The book is organized into four parts, designed to take you, the reader, logically through the compounding topics to provide a guided journey through the people, processes, and technologies of visual discovery.
Part I focuses on how data is the driving force behind the disruption, transformation, and reinvention impacting every industry today. This affects how companies benefit from improved agility and faster time to insight in visual discovery—and why data visualization is key to working with and understanding bigger and more diverse and dynamic data.
Part II begins with a brief history on visual communication and the reinvigorated role of data visualization as an analysis and storytelling mechanism. Key design principles and data visualization best practices will be reviewed. This section will also explore the data visualization continuum, with emphasis on exploratory and explanatory graphics, as well as the power of pictures in infographics and iconography.

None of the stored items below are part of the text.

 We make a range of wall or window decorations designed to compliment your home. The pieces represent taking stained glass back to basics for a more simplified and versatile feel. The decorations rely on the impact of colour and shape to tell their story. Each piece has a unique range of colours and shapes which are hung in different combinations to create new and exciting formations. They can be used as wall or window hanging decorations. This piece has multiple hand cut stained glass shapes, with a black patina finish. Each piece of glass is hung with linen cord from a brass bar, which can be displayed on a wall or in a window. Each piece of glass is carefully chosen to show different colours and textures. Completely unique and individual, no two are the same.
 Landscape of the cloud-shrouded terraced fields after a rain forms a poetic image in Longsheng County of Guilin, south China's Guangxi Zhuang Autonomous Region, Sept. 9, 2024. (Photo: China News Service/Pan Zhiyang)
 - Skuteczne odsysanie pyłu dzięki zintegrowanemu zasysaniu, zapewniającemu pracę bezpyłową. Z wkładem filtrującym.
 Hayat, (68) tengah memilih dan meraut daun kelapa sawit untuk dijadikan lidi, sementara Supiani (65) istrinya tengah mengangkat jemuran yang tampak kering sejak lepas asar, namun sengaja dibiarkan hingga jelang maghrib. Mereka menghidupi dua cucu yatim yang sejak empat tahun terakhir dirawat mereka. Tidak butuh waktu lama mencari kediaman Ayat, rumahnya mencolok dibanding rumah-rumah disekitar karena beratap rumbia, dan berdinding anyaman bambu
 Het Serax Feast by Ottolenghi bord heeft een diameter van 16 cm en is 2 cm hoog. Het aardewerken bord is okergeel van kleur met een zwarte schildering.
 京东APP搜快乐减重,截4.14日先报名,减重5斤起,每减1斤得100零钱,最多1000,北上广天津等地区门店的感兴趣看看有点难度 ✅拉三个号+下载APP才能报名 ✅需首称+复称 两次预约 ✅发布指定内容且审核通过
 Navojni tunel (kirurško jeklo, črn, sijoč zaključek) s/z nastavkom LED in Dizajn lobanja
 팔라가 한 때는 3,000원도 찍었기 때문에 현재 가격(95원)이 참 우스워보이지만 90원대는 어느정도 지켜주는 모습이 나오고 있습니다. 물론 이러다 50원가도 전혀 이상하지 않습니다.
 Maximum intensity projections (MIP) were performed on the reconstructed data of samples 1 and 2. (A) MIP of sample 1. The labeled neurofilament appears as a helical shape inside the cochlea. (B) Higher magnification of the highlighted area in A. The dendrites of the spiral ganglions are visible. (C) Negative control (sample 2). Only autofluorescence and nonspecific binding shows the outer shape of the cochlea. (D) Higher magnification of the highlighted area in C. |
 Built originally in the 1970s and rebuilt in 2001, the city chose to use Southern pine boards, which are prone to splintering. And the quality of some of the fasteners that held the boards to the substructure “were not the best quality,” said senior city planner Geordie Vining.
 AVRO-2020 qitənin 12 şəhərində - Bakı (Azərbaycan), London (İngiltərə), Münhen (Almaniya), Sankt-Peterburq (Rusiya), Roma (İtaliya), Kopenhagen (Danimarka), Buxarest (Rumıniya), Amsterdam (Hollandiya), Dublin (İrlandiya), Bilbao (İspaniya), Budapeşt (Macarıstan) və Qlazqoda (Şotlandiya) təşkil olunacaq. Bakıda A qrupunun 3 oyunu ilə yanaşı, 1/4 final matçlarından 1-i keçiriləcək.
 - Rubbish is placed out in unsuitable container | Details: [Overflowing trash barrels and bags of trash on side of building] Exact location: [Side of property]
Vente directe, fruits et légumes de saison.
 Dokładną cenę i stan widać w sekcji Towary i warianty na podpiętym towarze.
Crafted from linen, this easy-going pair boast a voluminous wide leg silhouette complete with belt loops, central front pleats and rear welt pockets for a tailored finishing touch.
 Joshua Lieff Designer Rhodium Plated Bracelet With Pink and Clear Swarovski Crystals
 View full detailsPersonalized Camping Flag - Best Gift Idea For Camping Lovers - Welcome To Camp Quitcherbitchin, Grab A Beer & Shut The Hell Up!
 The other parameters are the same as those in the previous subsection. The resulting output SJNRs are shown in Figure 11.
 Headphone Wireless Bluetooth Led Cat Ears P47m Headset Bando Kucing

Part III dives into the technical and organizational aspects of building the foundation for data discovery through people, processes, and technologies focused on enabling a culture of visual data discovery.
Finally, Part IV concludes by setting our sights on the future and exploring the approaching Internet of Things. It will highlight the need for data visualization in advanced technologies, including streaming and animated data, human-centered design in mobile strategies, the interconnected web of wearable devices and personal analytics, and peek into gameplay and playful data visualization fueled by machine learning and affective computing technologies.